Research Highlights: May 2026
Compiled by the SIO Research Committee, May 2026
Each month, the SIO Research Committee reviews recently published integrative oncology literature and shares highlights with the broader membership. This month, we reviewed articles and highlighted two studies selected by member vote: one examining electroacupuncture for cognitive function and neuropsychiatric symptoms in breast cancer survivors, and one evaluating Panax ginseng extract for cancer-related fatigue in gastrointestinal cancer survivors.
Integrative Oncology Research: Two Studies Worth Knowing
The SIO Research Committee selected two papers this month for research highlights. A randomized controlled pilot trial compared electroacupuncture at neuropsychiatric-specific acupoints versus non-neuropsychiatric acupoints in breast cancer survivors, finding improvements in both groups but limited between-group differences — best interpreted as hypothesis-generating evidence for precision acupuncture (see full review below). A randomized double-blind placebo-controlled trial of standardized Panax ginseng extract in 70 gastrointestinal cancer survivors demonstrated a large effect size in reducing cancer-related fatigue over four weeks, though product characterization and follow-up limitations temper the conclusions (see full review below).
We provide in-depth reviews of both articles below.

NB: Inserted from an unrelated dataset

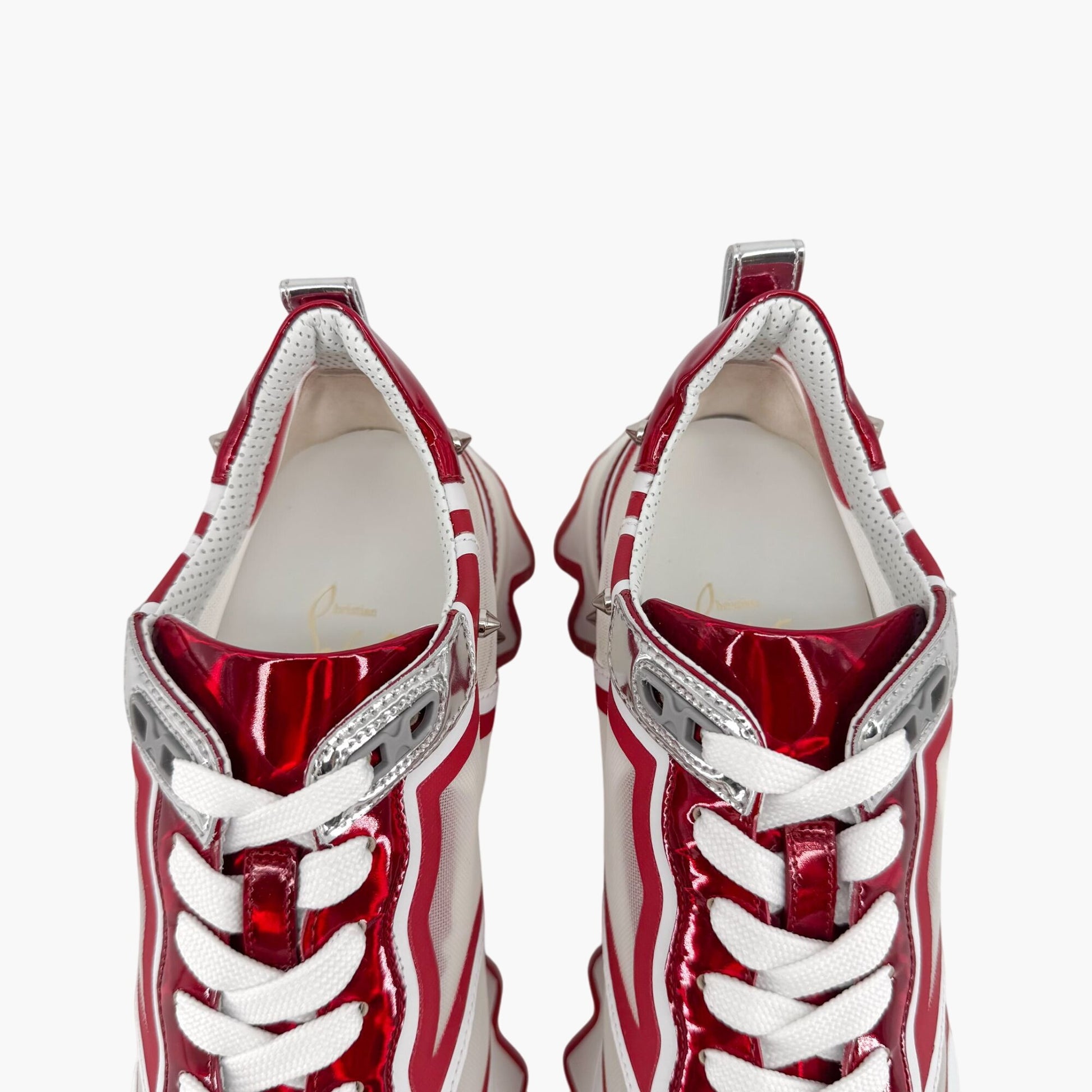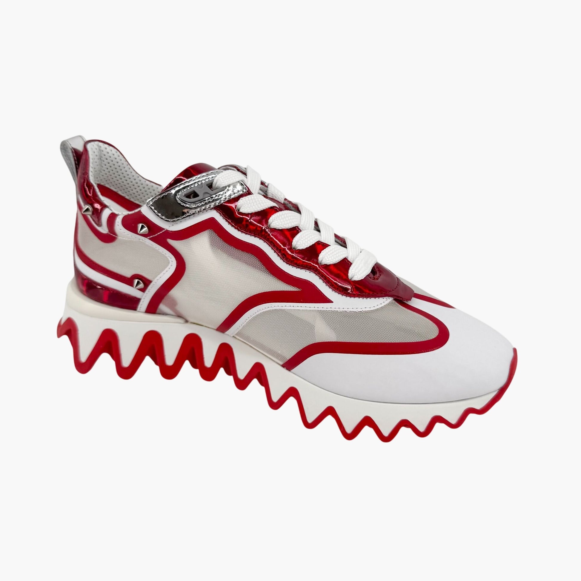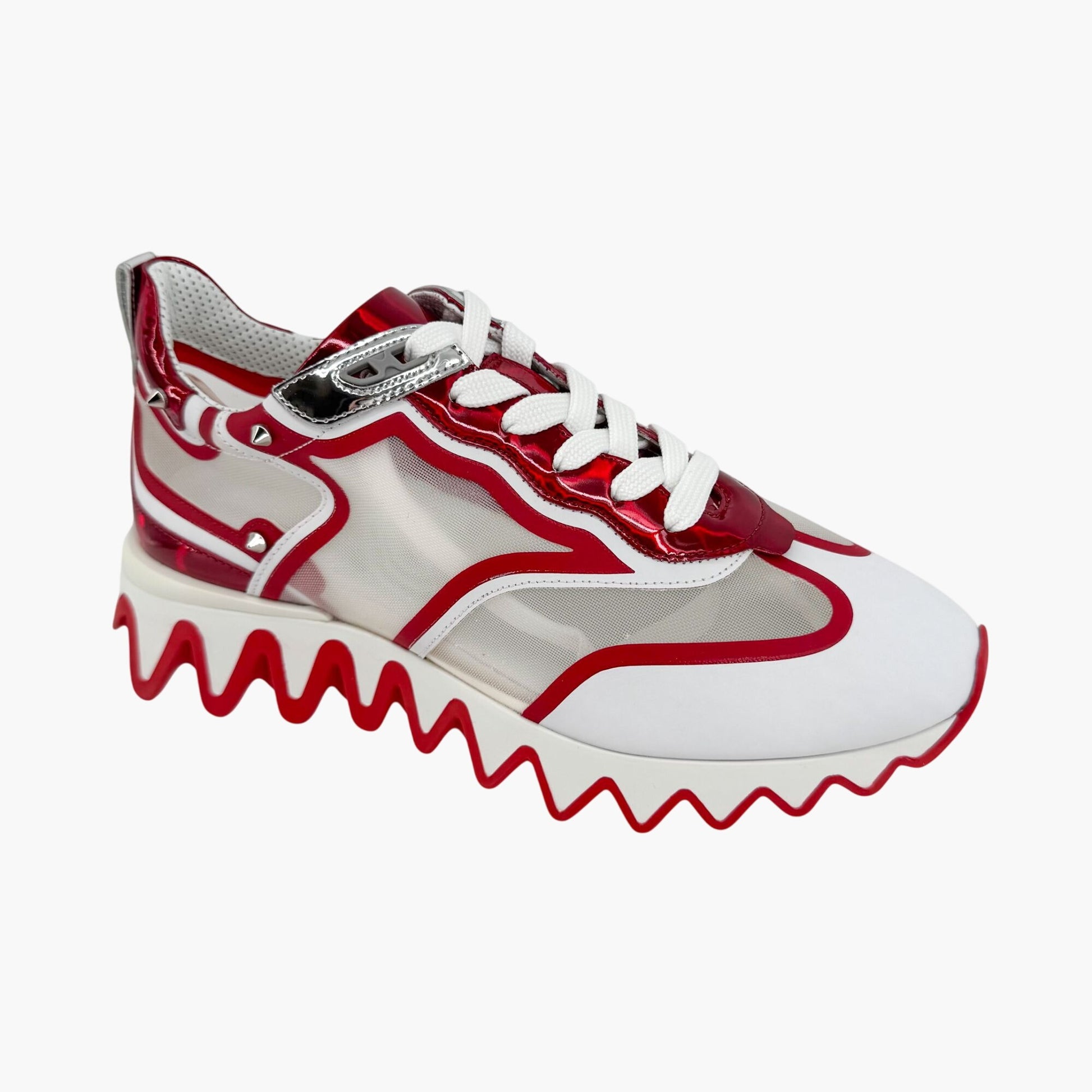 Christian Louboutin Sharkina Sneakers in White Mesh & Red Psychic Patent – Size 39.5

Electroacupuncture for Cognitive Function and Neuropsychiatric Symptoms in Breast Cancer Survivors
Journal: Reviewed in May 2026 · Reviewed by Yin Ting Cheung
Study Type
| Design | Randomized controlled pilot trial; patient- and assessor-blinded |
| Population | Breast cancer survivors, outpatient setting |
| Sample Size | N = 35 (18 intervention, 17 control) |
| Intervention | Electroacupuncture (EA) at neuropsychiatric-specific acupoints (EA1) for 4 weeks |
| Comparator | Electroacupuncture at non-neuropsychiatric acupoints (EA2) — active comparator, not a true inert sham |
| Outcomes | Cognitive function (objective + subjective), fatigue, psychological distress, quality of life; biomarkers (inflammatory markers, BDNF) and neuroimaging measures |
Background
There is a recognized lack of evidence-based pharmacological interventions for neuropsychiatric symptoms in cancer survivors, particularly cognitive impairment. Safe and effective non-pharmacological strategies are needed. This pilot trial aimed to evaluate the preliminary efficacy and safety of two electroacupuncture regimens targeting different acupoint sets, using a novel biobehavioral framework that integrates clinical, biomarker, and neuroimaging outcomes.
Key Results
- Both EA1 and EA2 groups showed improvements in subjective cognition, fatigue, and quality of life from baseline to end of treatment and at 4-week follow-up.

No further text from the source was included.